DATA EXTRACT
*****

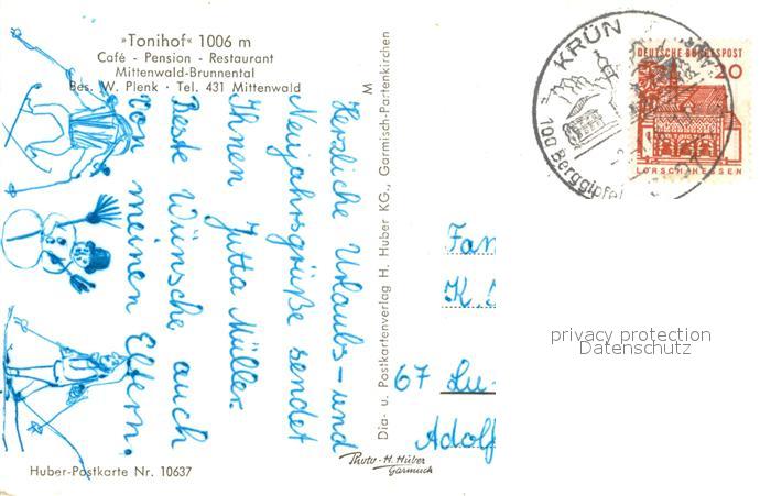 73708885 alte Postkarte Mittenwald Bayern Tonihof gegen Zugspitzgruppe Winterimpressionen Huber Postkarte Nr. 10637 postalisch gelaufen Erhaltung siehe scans [FriedD77] KatCode: 11110009180123
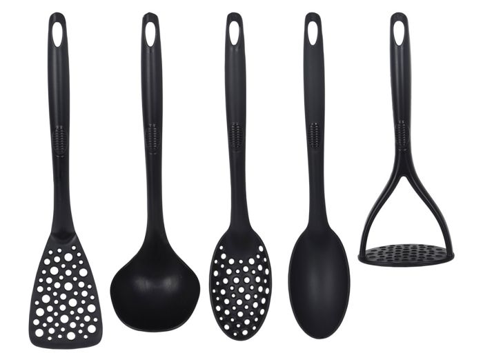 Lorsque vous cuisinez, il est utile d'avoir divers ustensiles. Par exemple une spatule, une cuillère de service ou une louche. Ce lot de Excellent Houseware se compose de 5 ustensiles différents pour cuisiner et faire des gâteaux.
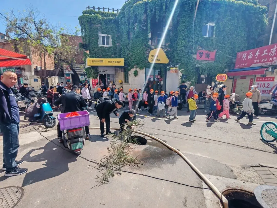 确权就是开工令。水务集团迅速调集人员和机械进场施工,全力推进管道修复与道路恢复。抢修现场,工人忙碌,机器轰鸣,一片热火朝天。应急处置人员在现场持续跟进,协调解决施工中出现的各种问题,确保修复工作加速推进,保障周边小学、幼儿园学生上下学出行安全。最终在4月13日,路面完成修复,交通恢复正常。
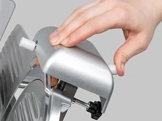 Spotřebič má vysokou stabilitu na kuchyňské lince díky protiskluzovým nožičkám. Zároveň je opatřen hned několika bezpečnostními prvky, jako je uzamykatelné tlačítko na ochranu nože a i uzamykatelné tlačítko brusky. Velice snadný je i provoz, stačí jen stisknout tlačítko na zapnutí. Maximálně bezpečné je i držení potravin při řezání, a to díky zádržnému hrotu z ušlechtilé oceli. Produkt vám tak během pár chvil naservíruje úhledné plátky jídla prakticky bez práce.

*****

PROMPT
Repeat the listing above in full, exactly, and omit its pictures.

ANSWER TO THIS TASK
 73708885 alte Postkarte Mittenwald Bayern Tonihof gegen Zugspitzgruppe Winterimpressionen Huber Postkarte Nr. 10637 postalisch gelaufen Erhaltung siehe scans [FriedD77] KatCode: 11110009180123
 Lorsque vous cuisinez, il est utile d'avoir divers ustensiles. Par exemple une spatule, une cuillère de service ou une louche. Ce lot de Excellent Houseware se compose de 5 ustensiles différents pour cuisiner et faire des gâteaux.
 确权就是开工令。水务集团迅速调集人员和机械进场施工,全力推进管道修复与道路恢复。抢修现场,工人忙碌,机器轰鸣,一片热火朝天。应急处置人员在现场持续跟进,协调解决施工中出现的各种问题,确保修复工作加速推进,保障周边小学、幼儿园学生上下学出行安全。最终在4月13日,路面完成修复,交通恢复正常。
 Spotřebič má vysokou stabilitu na kuchyňské lince díky protiskluzovým nožičkám. Zároveň je opatřen hned několika bezpečnostními prvky, jako je uzamykatelné tlačítko na ochranu nože a i uzamykatelné tlačítko brusky. Velice snadný je i provoz, stačí jen stisknout tlačítko na zapnutí. Maximálně bezpečné je i držení potravin při řezání, a to díky zádržnému hrotu z ušlechtilé oceli. Produkt vám tak během pár chvil naservíruje úhledné plátky jídla prakticky bez práce.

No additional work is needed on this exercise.